LLM Generated explanations, may be completely bogus:

**Backport Status: YES**

This commit should be backported to stable kernel trees. Here's my
extensive analysis:

## 1. **Critical Race Condition Fix**

The commit addresses a serious race condition between `mdadm --stop` and
udev that can lead to unexpected behavior:

```c
// Before: del_gendisk was called asynchronously in md_kobj_release
- del_gendisk(mddev->gendisk);
  put_disk(mddev->gendisk);

// After: del_gendisk moved to control path in mddev_unlock
+ if (test_bit(MD_DELETED, &mddev->flags))
+     del_gendisk(mddev->gendisk);
```

The race window allows udev to reopen the device node after `mdadm
--stop` returns but before `del_gendisk()` completes, creating a new
`struct mddev` in the kernel unexpectedly.

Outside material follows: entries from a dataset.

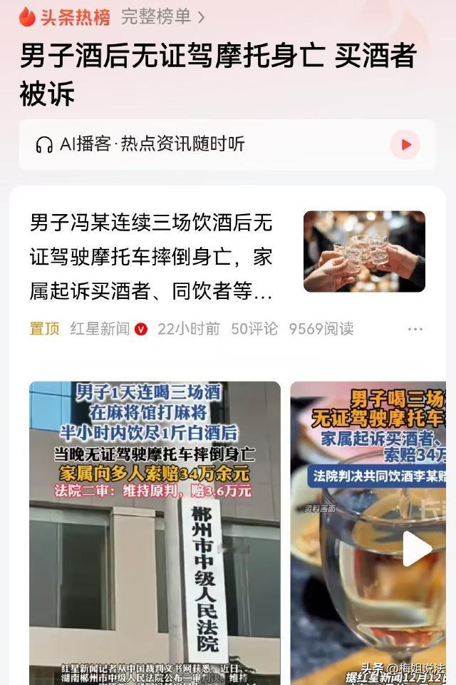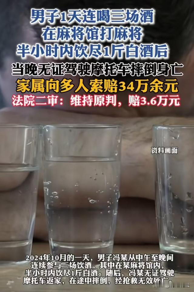 湖南郴州,男子中午才吃完丧宴,晚上又和人一起喝酒,晚饭后去打麻将又喝了一斤白酒,一共喝了三场,晚上冯某无证驾驶摩托车摔倒不幸身亡。案发后,冯某家属起诉给冯某买酒的熟人、麻将馆老板以及和他一起喝酒的人等,索赔34万余元。 据红星新闻、等报道,2024年10月1日中午,冯某去吃了一顿丧宴,宴席上,冯某喝了大约4两白酒。 晚上,冯某又和几个朋友相约去某饭店吃饭喝酒,席间,冯某等四人一起喝了两斤52度的白酒。 吃完饭,已经快八点了,冯某牌瘾犯了,于是骑着摩托车去肖某的麻将馆打麻将。 9点钟左右,冯某正在玩牌,老朋友李某走了进来,看到冯某后,李某赶紧和他打起了招呼,还约他有空一起喝酒。 冯某当天高兴,因为一局牌没打完,便掏出100块钱,递给旁边看牌的刘某,让刘某帮他去买酒。 刘某买了两瓶二锅头,冯某和李某一人一瓶。因没有下酒菜,两人一边打牌一边干喝了起来,大约半小时后,两人都喝完了。 10点左右,冯某从牌桌上起来,站在一边看其他人打,看了一阵,冯某觉得有点困,便告别李某,自己骑上摩托车回家了。 谁知,冯某刚离开麻将馆200米,就在一个转盘边摔了一跤,路人发现后将冯某送去救治,但凌晨1点20分,冯某还是离世了。 冯某离世后,家属没有做尸检,也没有进行酒精度检测。 后经调查,冯某未取得摩托车驾驶证。 案发后,冯某的家属起诉麻将馆老板肖某、给冯某买酒的看牌人刘某以及和冯某一起喝酒的李某等人,要求他们共同赔偿34万余元。 一审认为,首先,冯某作为具有完全民事行为能力的成年人,应当具备对自身行为和可能产生后果的认知能力。 冯某在一天内连续参与三场饮酒活动,且在未取得摩托车驾驶证的情况下,饮酒后驾驶摩托车,这一系列行为严重违反了交通法规和基本的安全常识。 根据《民法典》第1173条规定:被侵权人对同一损害的发生或者扩大有过错的,可以减轻侵权人的责任。 冯某的自身过错是导致其死亡的主要原因,他的鲁莽行为本质上是对自己生命安全的漠视,所以他应对自己的死亡承担主要责任。 其次,刘某受冯某委托帮忙购买白酒,这属于典型的委托代理行为。 依据《民法典》第929条规定:有偿的委托合同,因受托人的过错造成委托人损失的,委托人可以请求赔偿损失;无偿的委托合同,因受托人的故意或者重大过失造成委托人损失的,委托人可以请求赔偿损失。 刘某帮冯某买酒是无偿的,并且从案件情况来看,他无法预见冯某饮酒后会发生死亡的结果,不存在故意或重大过失。 所以,刘某与冯某的死亡没有法律上的因果关系,不承担赔偿责任。 另外,肖某作为麻将馆的经营者,对前来打麻将的顾客有法定的安全保障义务。 《民法典》第1198条规定:宾馆、商场、银行、车站、机场、体育场馆、娱乐场所等经营场所、公共场所的经营者、管理者或者群众性活动的组织者,未尽到安全保障义务,造成他人损害的,应当承担侵权责任。 但是,肖某并未与冯某一起饮酒,冯某的死亡也并非发生在麻将馆内,而是在其离开200米处的转盘边。 从合理限度原则来看,肖某对于冯某离开麻将馆后的驾驶安全难以进行有效管控,其死亡已超出肖某合理限度范围内的安全保障义务,因此肖某不应承担赔偿责任。 最后,李某与冯某一同饮酒,在共同饮酒过程中形成了特定的民事法律关系,共同饮酒人之间负有一定的注意和保护义务。 虽然法律没有明确详细规定此类义务,但依据公序良俗和诚实信用原则,李某应当对冯某的过度饮酒行为进行适当劝阻。 当冯某饮酒后准备骑摩托车离开时,李某更有义务阻止其危险驾驶行为。 根据《民法典》第1165条规定:行为人因过错侵害他人民事权益造成损害的,应当承担侵权责任。 李某未尽到必要的注意义务,对冯某的死亡存在一定过错,所以需要承担部分赔偿责任。 最终,一审认为,冯某应承担阿凡达的主要责任,李某对本案承担3%责任,赔偿冯某家属3.6万余元,刘某和肖某不承担责任。 一审判决后,冯某家属不服上诉,二审维持原判。
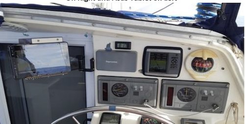 Soggy Paws Helm Station with Garmin 526S chart plotter on right and Asus Tablet on left.
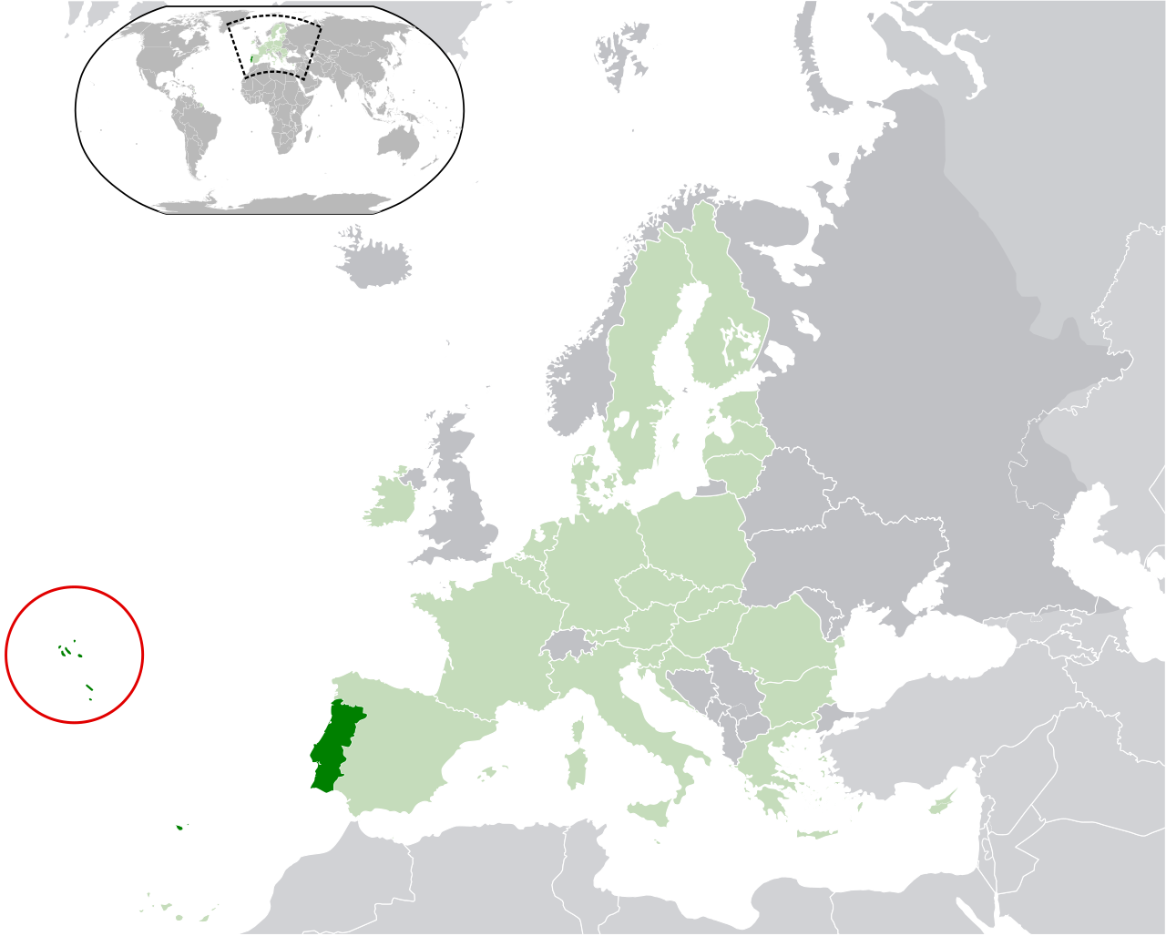 Lega Azorov znotraj Portugalske (temno zelena) in Evropske unije (svetlo zelena)
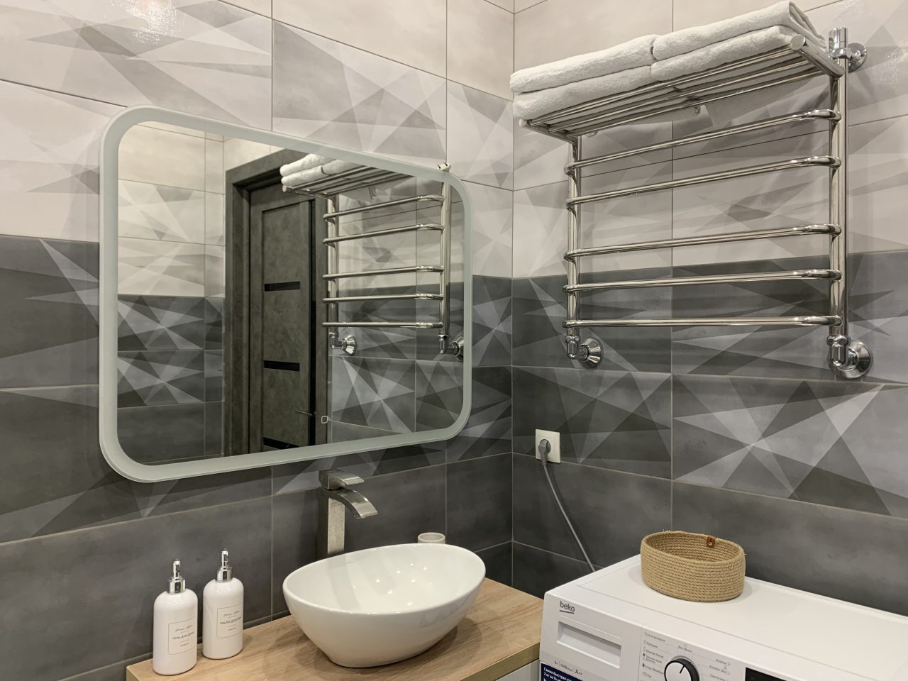 К пребыванию подготовлены светлые апартаменты в современном стиле. Они укомплектованы комфортабельной мебелью и техникой для приятного времяпровождения и отдыха: двуспальная кровать с белоснежным постельным бельем, шкаф для хранения личных вещей, диван. В ванной комнате установлена стиральная машинка.
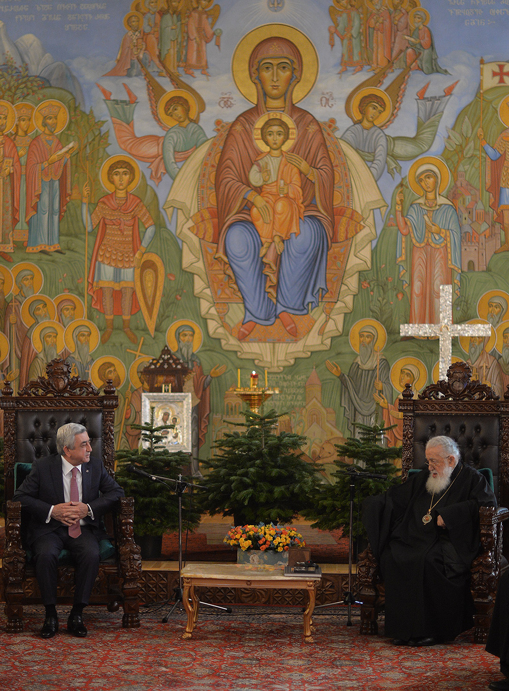 President Serzh Sargsyan and Catholicos Patriarch of All Georgia Ilia II stressed the important role of the Armenian Apostolic and Georgian Orthodox Churches in developing good-neighborly Armenian-Georgian relations.
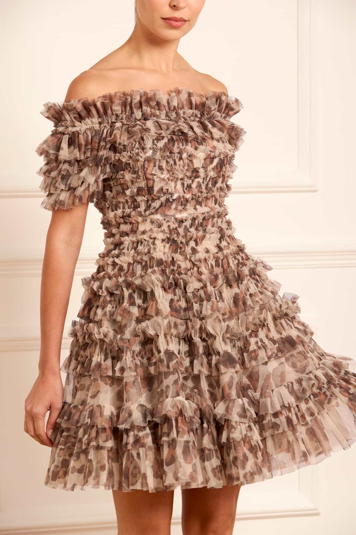 The Leopard Lisette Off-Shoulder Micro Mini Dress in Moonshine. This dress features a statement print that was hand-painted in-house using watercolour, with soft leopard motifs varying in scale and showcasing watery definition. This statement dress has an elegant off-the-shoulder design inspired by Hollywood styling. Crafted with textile tulle and double-stitched frills for a dramatic, romantic effect. Features an integrated corset for a perfect fit and to hold the silhouette. Expect all eyes on you in this romantic dress.
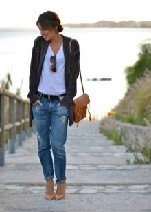 A black cardigan is a model that can fit into almost any image, because the color of the product provides not only monophonic models, but also various prints. When using ethnic prints or plain floral patterns, a cropped cardigan of the main black color will easily become an attribute of the Boho-chic style.
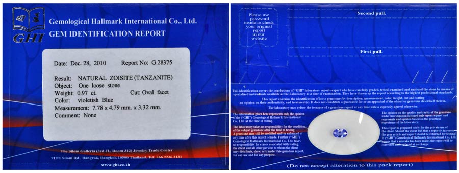 Certified Violetish Blue Tanzanite 0.97 Ct. Clean Oval Shape Natural Gemstone

## 2. **Use-After-Free Prevention**

The commit prevents a potential use-after-free (UAF) of gendisk by
properly sequencing the cleanup:
- `del_gendisk()` is called synchronously in the control path
- `put_disk()` remains in `md_kobj_release()` to avoid UAF

## 3. **Deadlock Avoidance**

The implementation carefully avoids deadlocks by calling `del_gendisk()`
after releasing `reconfig_mutex`:

```c
// In mddev_unlock():
+ /* Call del_gendisk after release reconfig_mutex to avoid
+  * deadlock (e.g. call del_gendisk under the lock and an
+  * access to sysfs files waits the lock)
+  */
+ if (test_bit(MD_DELETED, &mddev->flags))
+     del_gendisk(mddev->gendisk);
```

## 4. **MD_DELETED Flag Protection**

The commit introduces proper synchronization using the `MD_DELETED`
flag:

```c
// In mddev_lock():
+ if (!ret && test_bit(MD_DELETED, &mddev->flags)) {
+     ret = -ENODEV;
+     mutex_unlock(&mddev->reconfig_mutex);
+ }
```

This prevents sysfs operations from racing with array shutdown.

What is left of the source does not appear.